It’s probably HR.
Steve Jobs summed it up ““Great things in business are never done by one person. They’re done by a team of people.”[1] The most important tool for an innovation leader is their team. The second most important tool is their team, as is the third, fourth, fifth, etc. There is no greater advantage or disadvantage for an innovation leader, any leader really, than the people they rely on for success. Read beyond the surface reporting about any company that innovates consistently and it quickly becomes a story about the team.
In most organizations, building that team starts in HR. But most HR organizations are not optimized for innovation, they’re optimized for stability, predictability and cultural fit. That works beautifully for scaling operations and roles with defined performance targets. It works terribly for innovation.
Innovators rarely present as neat bundles of competencies. They are nonlinear thinkers, pattern-spotters, problem reframers and experiment runners. Their résumés often look unconventional which traditional hiring systems interpret as “inconsistent” or “unfocused.” In reality, those traits are often the strongest predictors of innovative impact.
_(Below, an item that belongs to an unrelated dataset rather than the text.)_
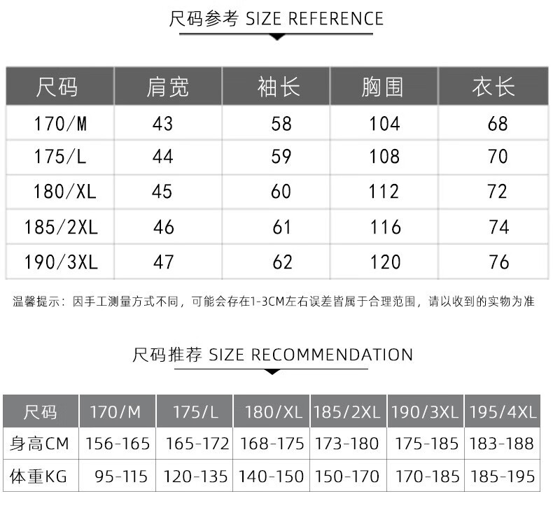 China (cm) 165 / 88-90 170 / 96-98 175 / 108-110 180 / 118-122 185 / 126-130
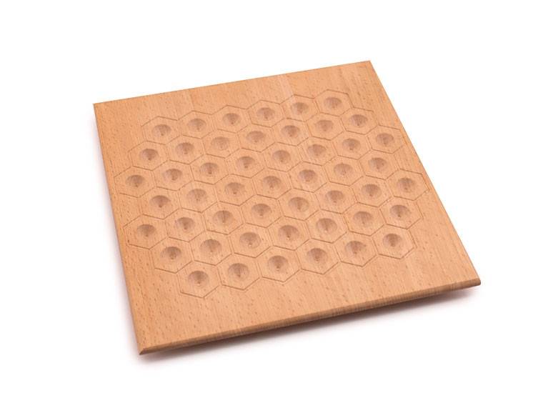 Das Spielfeld besteht aus Sechseck-Feldern, jeweils mit einer Mulde in der Mitte.

Traditional HR isn’t designed for innovation:
- Hiring systems rely on competency models and behavioral interviews designed to reduce risk. Innovators, by definition, introduce it.
- Performance management rewards compliance and execution, not exploration and intelligent failure.
- Compensation bands favor tenure and hierarchy over disproportionate contribution.
- Career ladders assume linear advancement, while innovators move diagonally—across functions, disciplines, and problem spaces.
- Incentive Systems are built for annual outputs, not multi-year value creation. In long-cycle innovation work, the person who conceives the breakthrough rarely receives credit years later when it commercializes.
And when HR intentionally tries to “hire innovators,” it often overcorrects, confusing rebellion with creativity, swagger with leadership, and nonconformity with effectiveness.
HR was built to create order and maintain the status quo. Innovation requires a controlled amount of productive disorder. Until organizations rethink how they identify, compensate, and develop innovative talent, they will continue selecting system maintainers and filtering out the very people they need most.
If innovation is a strategic priority, your talent system must be redesigned to support it. Otherwise, you’re hiring won’t support the company’s ambition.
[1] Isaacson, Walter. Steve Jobs. New York: Simon & Schuster, 2011.